Interessant ist auch eine detaillierte Betrachtung der Ausschreibungen dieser Gruppe von europäischen Premiumrennen. Rund 30 Prozent der Gruppe I Prüfungen sind Stuten vorbehalten. Im Turf zeigen die Maßnahmen zur Verbesserung der Situation von Stuten im Rennstall bis in die höchste sportliche Kategorie hinein Früchte. Jahrgangsbeschränkungen gibt es ebenfalls bei etlichen Gruppe I Rennen. So sind 13 Prüfungen nur für Zweijährige offen, in zwei weiteren Sprintprüfungen über 1000m sind die Youngster zumindest startberechtigt.

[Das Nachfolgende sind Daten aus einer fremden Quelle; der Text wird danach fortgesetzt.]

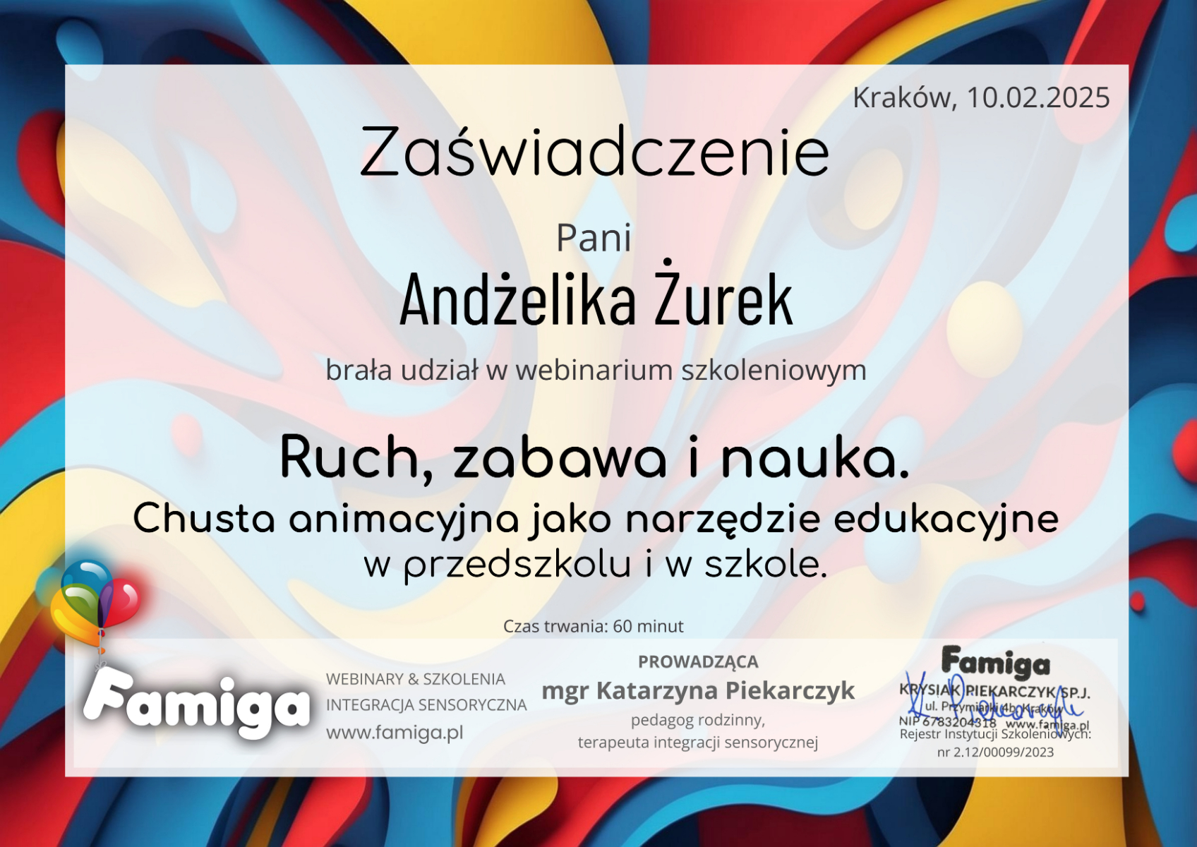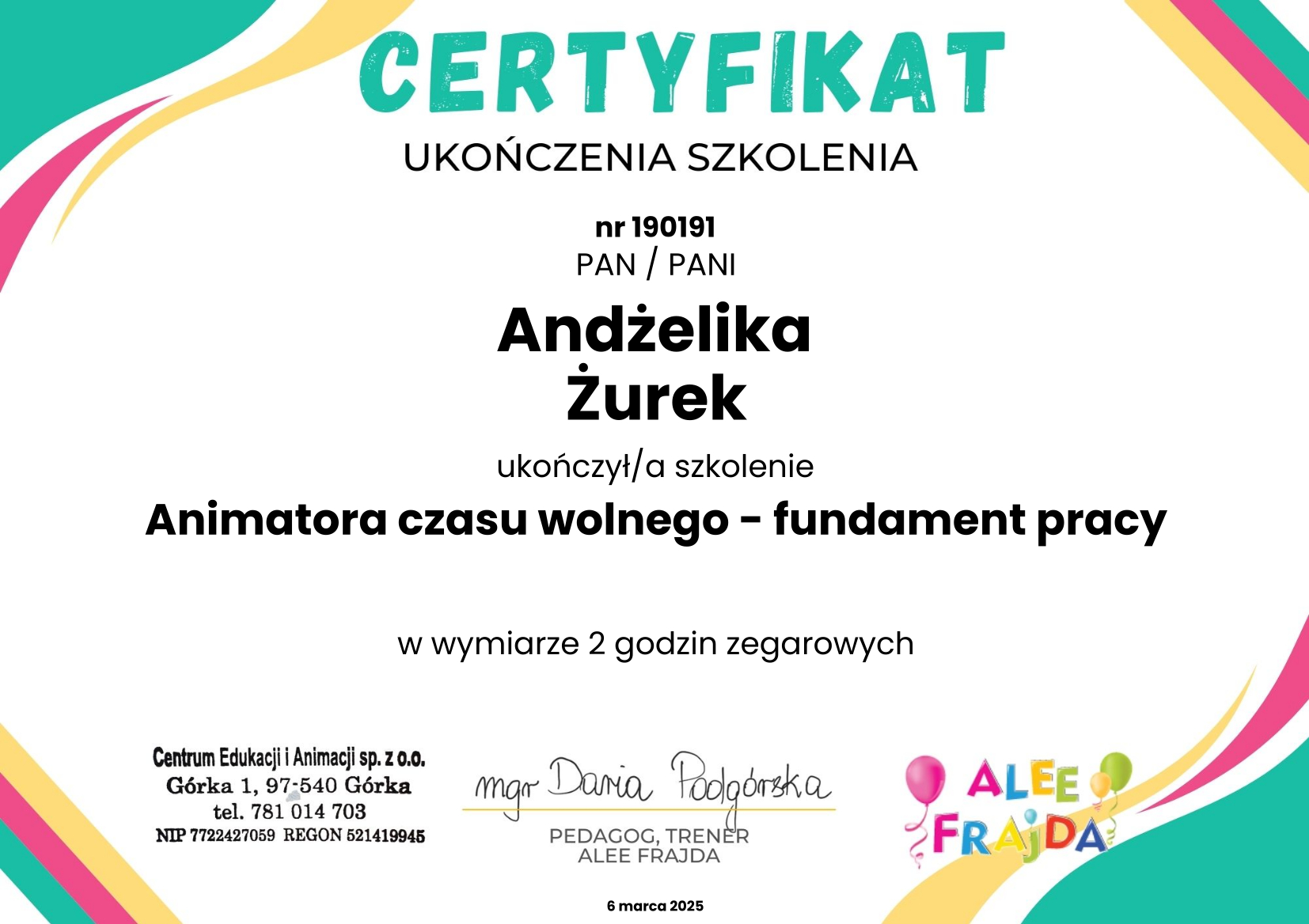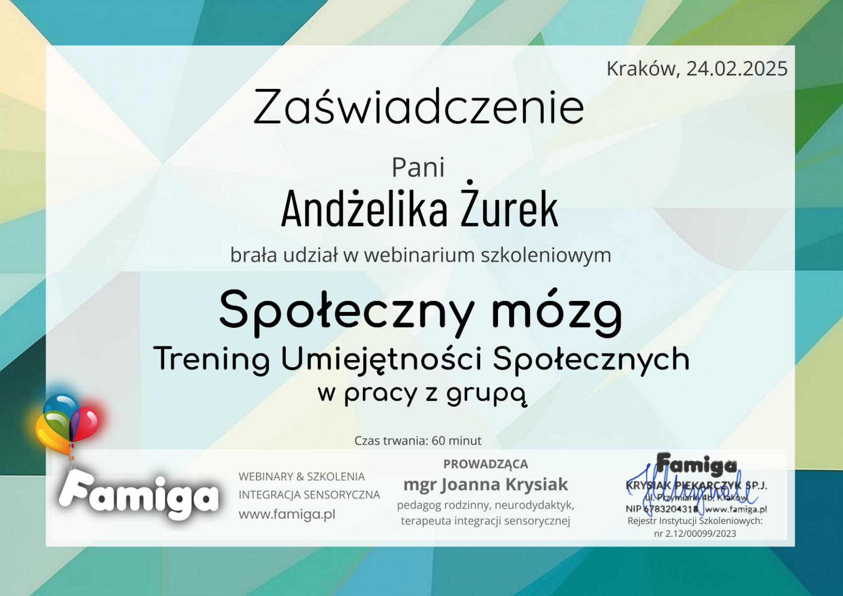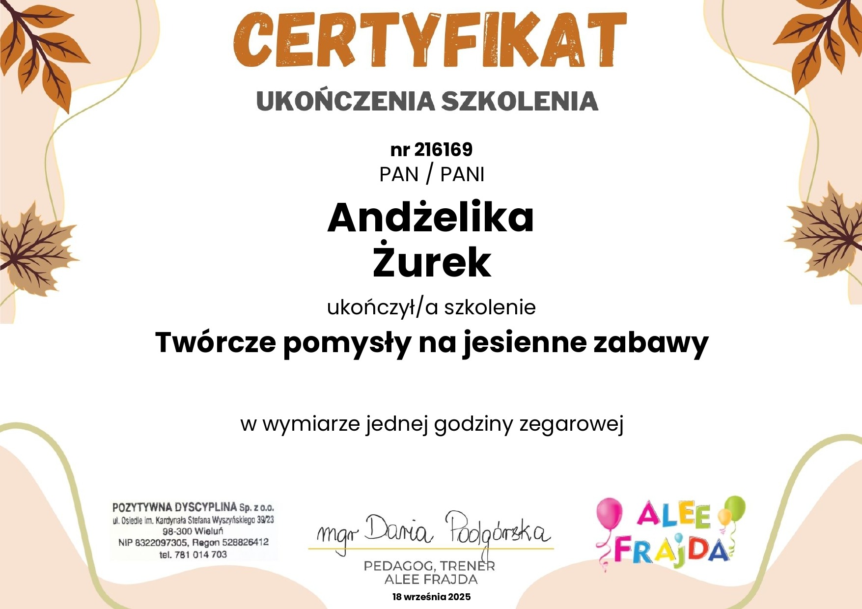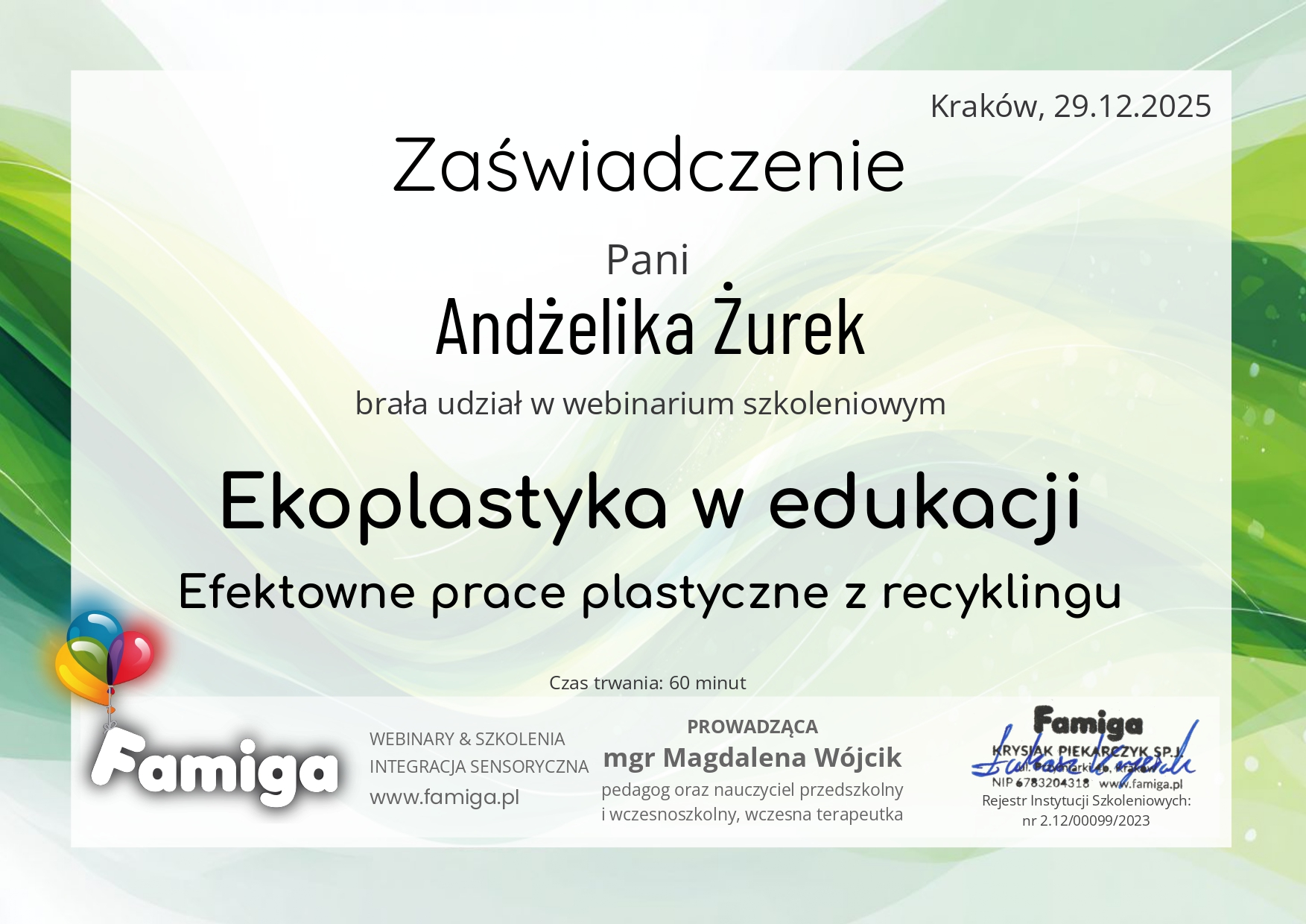 Chciałabym podzielić się z Wami moimi osiągnięciami w rozwoju zawodowym. Zdobyłam szereg certyfikatów i ukończyłam wartościowe szkolenia, które poszerzyły moje kompetencje. Jestem dumna z mojego zaangażowania w ciągłe doskonalanie się.

Insgesamt 21 Rennen richten sich ausschließlich an den Derby-Jahrgang, darunter sind 15 klassische Rennen. Bei den Distanzen dominieren erwartungsgemäß Rennen über 2000-2400m, in diese Gruppe fallen allein 35 Rennen. Nur eine einstellige Zahl von Gruppe I Prüfungen richtet sich jeweils an die Kurz- und Langstreckenspezialisten. So befinden sich gerade einmal neun Sprintprüfungen und sechs Cup-Rennen über extreme Steherdistanzen unter den 83 Gruppe I Prüfungen. Gerade die letztgenannte Gruppe der Extremsteher-Prüfungen ist ein Sorgenkind des European Pattern Committees und soll bewusst gefördert werden. So ist mit dem Anfang August ausgetragenen Goodwood Cup der einzige diesjährige „Aufsteiger“ in die Gruppe der Top-Prüfungen ein über zwei Meilen führendes Rennen für die Extremsteher.

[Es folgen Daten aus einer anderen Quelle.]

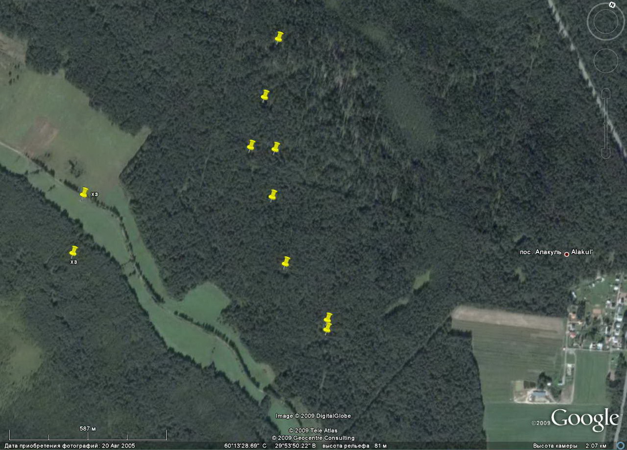 Да, на первом - эти точки я и имел в виду, когда говорил про верхнюю кромку леса. А вот это как вам? От вашего АПК образуется аккуратненькая цепочка.
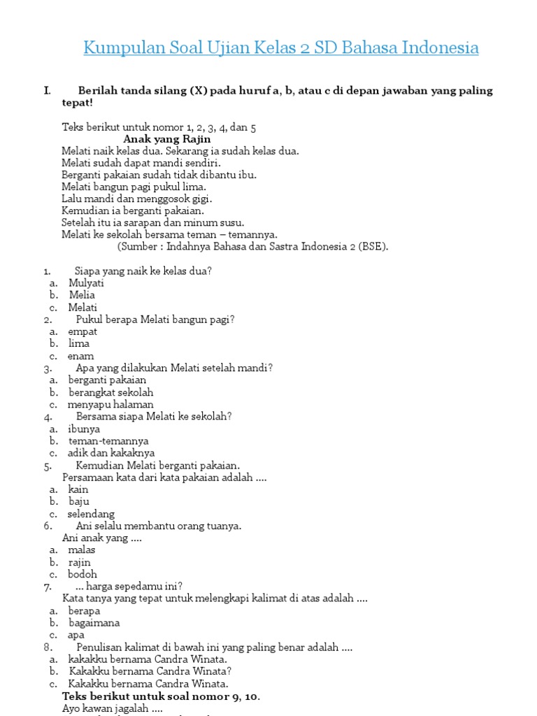 Contoh Soal Bahasa Indonesia
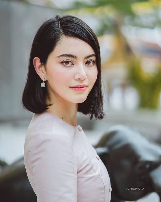เสื้อสีขาวแขนพับถึงข้อศอก เอี๊ยมสีครีมผูกโบว์ด้านหลัง เส้นผมนุ่มสีเข้มตกลงมาปิดข้างแก้มเล็กน้อย

Nach all diesen statistischen Betrachtungen zur Gruppe I Saison 2017 haben wir auch für den Prix Ganay die Statistik befragt, um die Chancen des deutschen Hoffnungsträgers Potemkin zu beleuchten. Blickt man in die bis ins Jahr 1889 zurückreichende Vergangenheit des Rennens (vor fünf Jahren haben wir hier die Historie des Prix Ganay einmal genauer beleuchtet: klick), so sieht es für Potemkin nicht gut aus. In der jüngeren Vergangenheit war das französische Rennen eine Domäne der Vierjährigen.

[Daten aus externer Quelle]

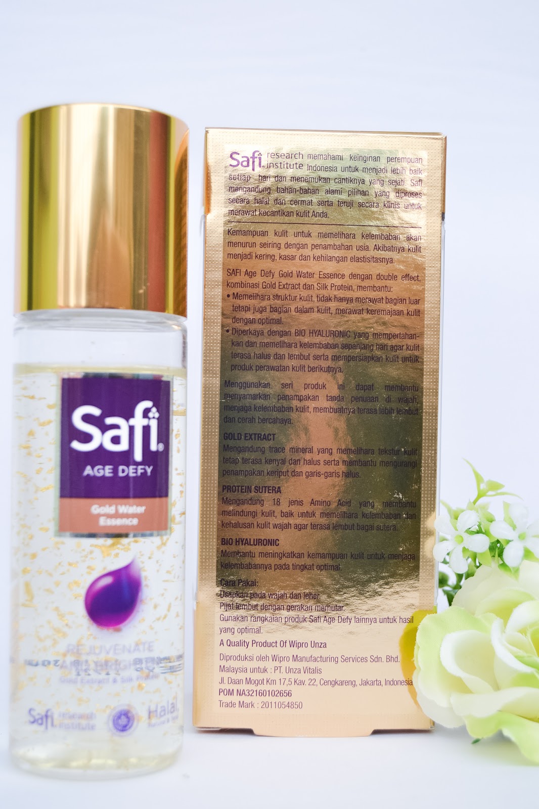 Kandungan Safi Age Defy Water Essence punya 3 kandungan utama yaitu Gold Extract, Bio Hyaluronic, dan protein sutera. Ketiga kandungan ini masing-masing jadi agent produk ini bisa bekerja di kulit kita sesuai klaim.
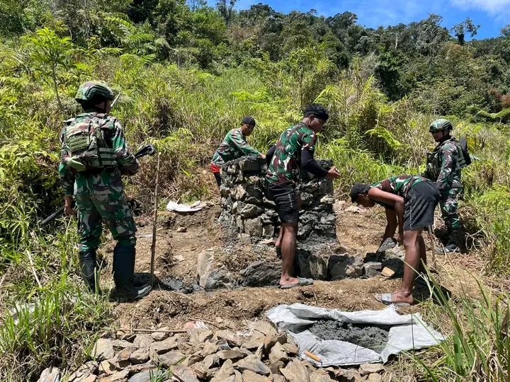 Puncak Jaya, Papua Tengah – Di tengah beratnya tantangan tugas di wilayah pegunungan Papua, prajurit Satgas Yonif 743/PSY kembali menunjukkan kepedulian nyata terhadap kebutuhan dasar masyarakat. Kali ini, melalui tangan-tangan penuh ketulusan, personel Pos Tirineri membangun bak penampungan air bersih dan MCK bagi warga di Kampung Tirineri, Distrik Yambi, Kab. Puncak Jaya, Papua, Selasa (21/10/2025).
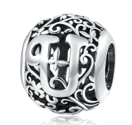Srebrny Charms Ozdobna Literka U
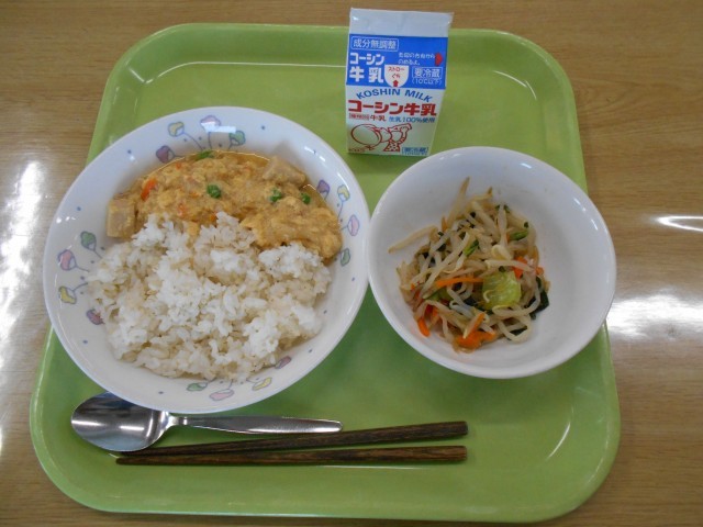 4月22日の給食 公開日 2026/04/22 更新日 2026/04/22 給食献立 ★今日の給食★牛乳変わり親子丼野菜のからし和え★食材の産地★玉葱:北海道 人参:徳島県もやし:栃木県 青菜:茨城県鶏肉:宮崎県
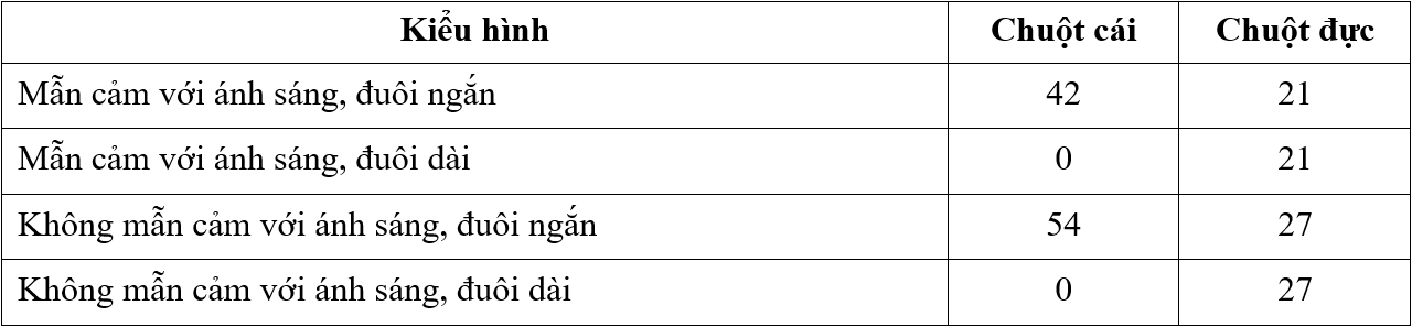 Có những con chuột, khi trong tế bào tổng hợp đầy đủ sắc tố melanine khiến chúng không mẫn cảm với ánh sáng mặt trời. Ngược lại, khi trong tế bào không tổng hợp đầy đủ sắc tố melanine khiến chúng rất mẫn cảm với ánh sáng mặt trời. Dưới tác động của ánh sáng mặt trời, chúng có thể bị đột biến dẫn đến ung thư da. Người ta chọn lọc được hai dòng chuột thuần chủng, dòng thứ nhất (dòng 1) mẫn cảm với ánh sáng mặt trời và đuôi dài, dòng thứ hai (dòng 2) mẫn cảm với ánh sáng mặt trời và đuôi ngắn. Ở thế hệ P, khi đem lai chuột cái dòng 2 với chuột đực dòng 1 thu được các chuột F1 toàn đuôi ngắn và không mẫn cảm với ánh sáng. Cho các cá thể F1 giao phối với nhau, thu được F2 có các loại kiểu hình thể hiện ở bảng sau:
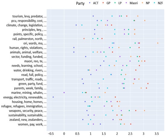 Since the topics are created from the Green Party’s manifesto, it is reasonable that the Green Party (the red dot) tends to have a high positive score on most of these issues. The Green Party is an environmentalist party and it tends to favor redistribution policies, thus, it is also reasonable that it has the highest positive polarity on issues such as “energy, renewable”, “water, drinking” and “needs, learning, schools”.

Seit 2005, als der zuvor im Arc erfolgreiche Bago im Prix Ganay siegreich in seine Vierjährigen-Kampagne startete, konnten sich mit Ausnahme des unverwüstlichen Cirrus des Aigles hier nur Vierjährige durchsetzen. Cirrus des Aigles war bei seinem Erfolg im Jahr 2012 ohnehin der einzige sechsjährige Wallach, der es in die Annalen als Ganay-Sieger schaffte und somit das Vorbild für den deutschen sechsjährigen Wallach Potemkin darstellt. Selbst wenn man die sechsjährigen Hengste einbezieht, finden sich in der 127jährigen Geschichte nur sechs weitere Sieger, die es in diesem fortgeschrittenen Galopperalter zu einem Ganay-Erfolg brachten. Doch auch wenn die Statistik gegen Potemkin spricht, so werden Rennen stets auf der Rennbahn entschieden und nicht beim Durchstöbern der Annalen. Damit können wir den Bericht über den Auftakt zur europäischen Champions League des Turfs auch mit einem Fußballzitat, das dem ehemaligen BVB Dortmund-Kapitän und deutschen Nationalspieler Alfred Preißler zugeschrieben wird, enden lassen, „Grau ist alle Theorie – entscheidend iss auf´m Platz“. Tauscht man „Platz“ durch „Bahn“ aus, so passt dies auch zum Rennsport.